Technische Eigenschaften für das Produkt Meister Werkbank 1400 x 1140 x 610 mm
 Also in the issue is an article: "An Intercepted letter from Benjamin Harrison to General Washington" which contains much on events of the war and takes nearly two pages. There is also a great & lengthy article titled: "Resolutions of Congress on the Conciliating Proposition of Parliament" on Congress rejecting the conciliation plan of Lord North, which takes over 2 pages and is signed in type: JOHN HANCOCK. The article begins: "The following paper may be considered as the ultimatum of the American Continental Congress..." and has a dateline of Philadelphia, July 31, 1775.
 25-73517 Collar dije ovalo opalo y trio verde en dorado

________________

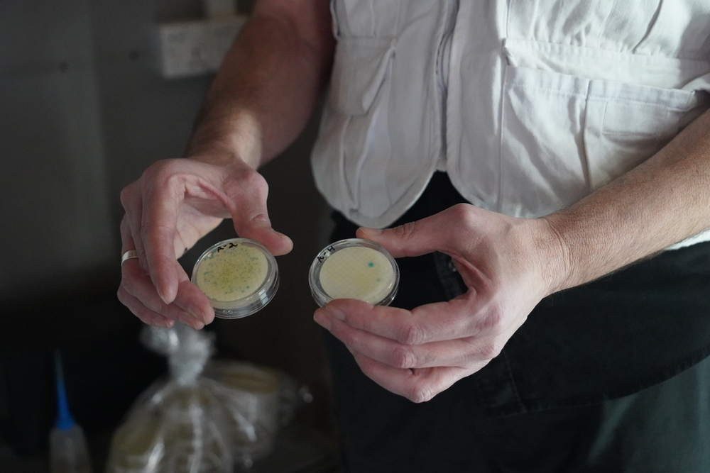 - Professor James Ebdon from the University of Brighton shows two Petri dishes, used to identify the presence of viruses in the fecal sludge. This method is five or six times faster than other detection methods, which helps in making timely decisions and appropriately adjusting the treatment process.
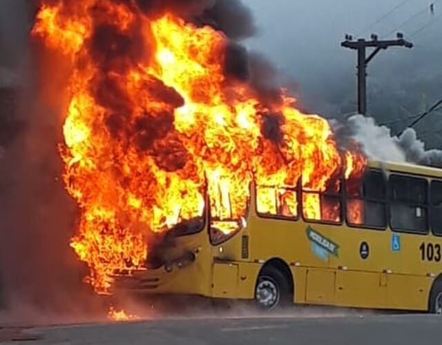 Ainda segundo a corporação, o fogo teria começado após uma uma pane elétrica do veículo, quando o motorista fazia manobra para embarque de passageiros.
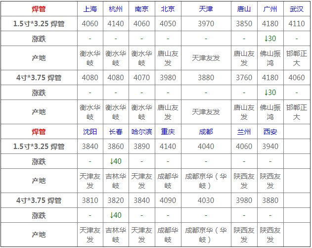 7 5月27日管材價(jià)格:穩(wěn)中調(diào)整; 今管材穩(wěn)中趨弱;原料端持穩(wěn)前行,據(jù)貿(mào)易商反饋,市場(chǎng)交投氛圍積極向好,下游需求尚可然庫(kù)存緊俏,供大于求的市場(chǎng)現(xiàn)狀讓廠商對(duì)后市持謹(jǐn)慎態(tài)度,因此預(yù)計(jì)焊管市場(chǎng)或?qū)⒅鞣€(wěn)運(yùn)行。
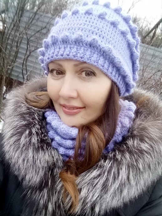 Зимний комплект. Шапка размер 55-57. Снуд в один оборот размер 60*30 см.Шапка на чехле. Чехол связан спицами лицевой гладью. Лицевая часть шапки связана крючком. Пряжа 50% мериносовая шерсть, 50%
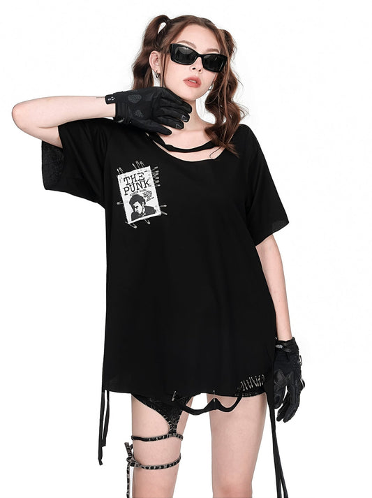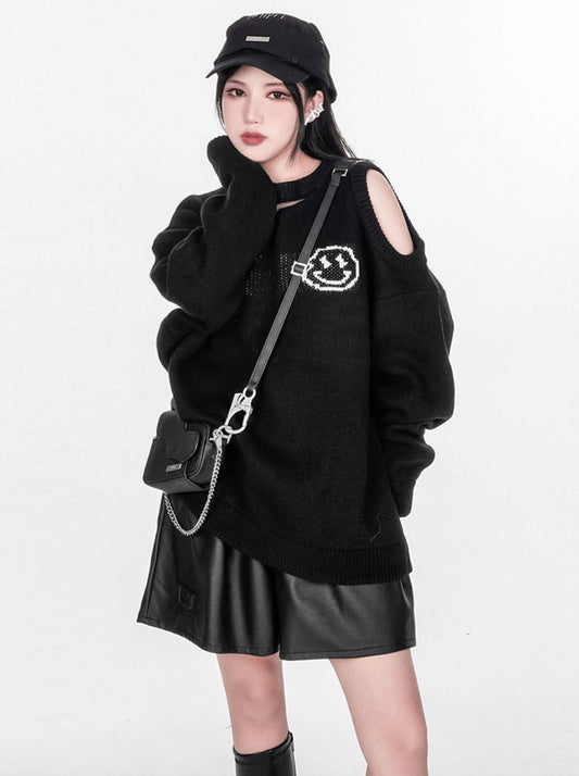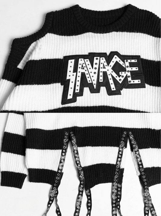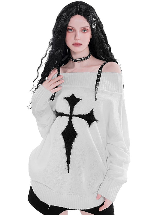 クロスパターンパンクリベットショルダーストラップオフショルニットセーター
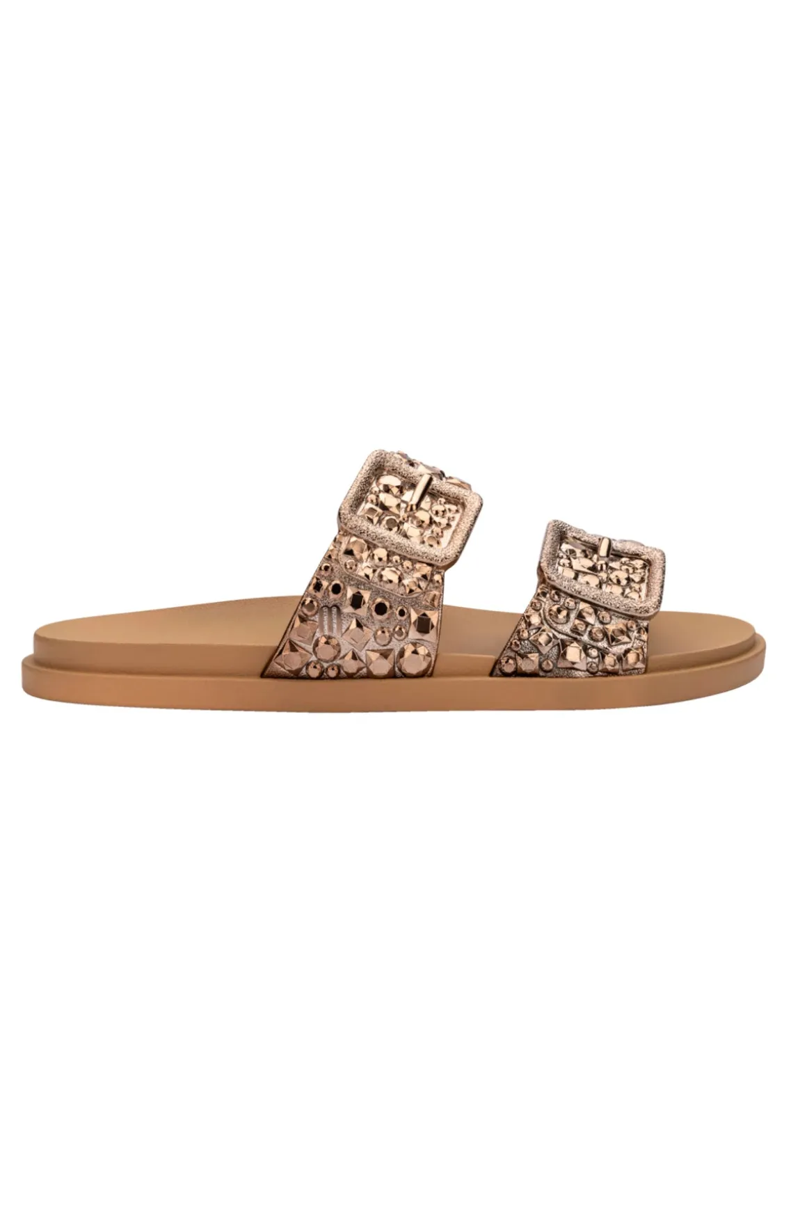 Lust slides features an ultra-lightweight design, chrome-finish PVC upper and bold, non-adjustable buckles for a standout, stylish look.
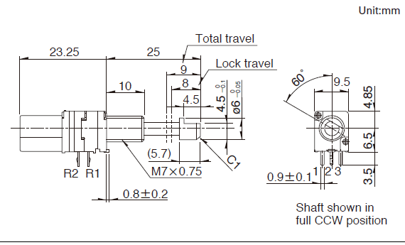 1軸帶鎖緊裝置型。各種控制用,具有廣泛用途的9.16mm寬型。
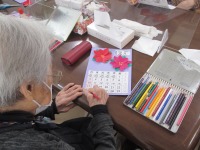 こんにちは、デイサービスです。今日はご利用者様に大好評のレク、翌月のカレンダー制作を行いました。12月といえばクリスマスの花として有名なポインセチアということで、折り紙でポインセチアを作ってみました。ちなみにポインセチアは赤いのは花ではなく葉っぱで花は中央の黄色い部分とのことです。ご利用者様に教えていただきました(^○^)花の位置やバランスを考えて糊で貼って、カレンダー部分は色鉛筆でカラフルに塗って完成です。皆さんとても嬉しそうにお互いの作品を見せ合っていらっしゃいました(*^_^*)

________________

*Your goal*
Of all the material above, only the lines from the one that has "Ainda segundo a" down to the one that has "こんにちは、デイサービスです" are to be written out, exactly and with both ends included. Pictures are skipped.

*Exercise result*
 Ainda segundo a corporação, o fogo teria começado após uma uma pane elétrica do veículo, quando o motorista fazia manobra para embarque de passageiros.
 7 5月27日管材價(jià)格:穩(wěn)中調(diào)整; 今管材穩(wěn)中趨弱;原料端持穩(wěn)前行,據(jù)貿(mào)易商反饋,市場(chǎng)交投氛圍積極向好,下游需求尚可然庫(kù)存緊俏,供大于求的市場(chǎng)現(xiàn)狀讓廠商對(duì)后市持謹(jǐn)慎態(tài)度,因此預(yù)計(jì)焊管市場(chǎng)或?qū)⒅鞣€(wěn)運(yùn)行。
 Зимний комплект. Шапка размер 55-57. Снуд в один оборот размер 60*30 см.Шапка на чехле. Чехол связан спицами лицевой гладью. Лицевая часть шапки связана крючком. Пряжа 50% мериносовая шерсть, 50%
 クロスパターンパンクリベットショルダーストラップオフショルニットセーター
 Lust slides features an ultra-lightweight design, chrome-finish PVC upper and bold, non-adjustable buckles for a standout, stylish look.
 1軸帶鎖緊裝置型。各種控制用,具有廣泛用途的9.16mm寬型。
 こんにちは、デイサービスです。今日はご利用者様に大好評のレク、翌月のカレンダー制作を行いました。12月といえばクリスマスの花として有名なポインセチアということで、折り紙でポインセチアを作ってみました。ちなみにポインセチアは赤いのは花ではなく葉っぱで花は中央の黄色い部分とのことです。ご利用者様に教えていただきました(^○^)花の位置やバランスを考えて糊で貼って、カレンダー部分は色鉛筆でカラフルに塗って完成です。皆さんとても嬉しそうにお互いの作品を見せ合っていらっしゃいました(*^_^*)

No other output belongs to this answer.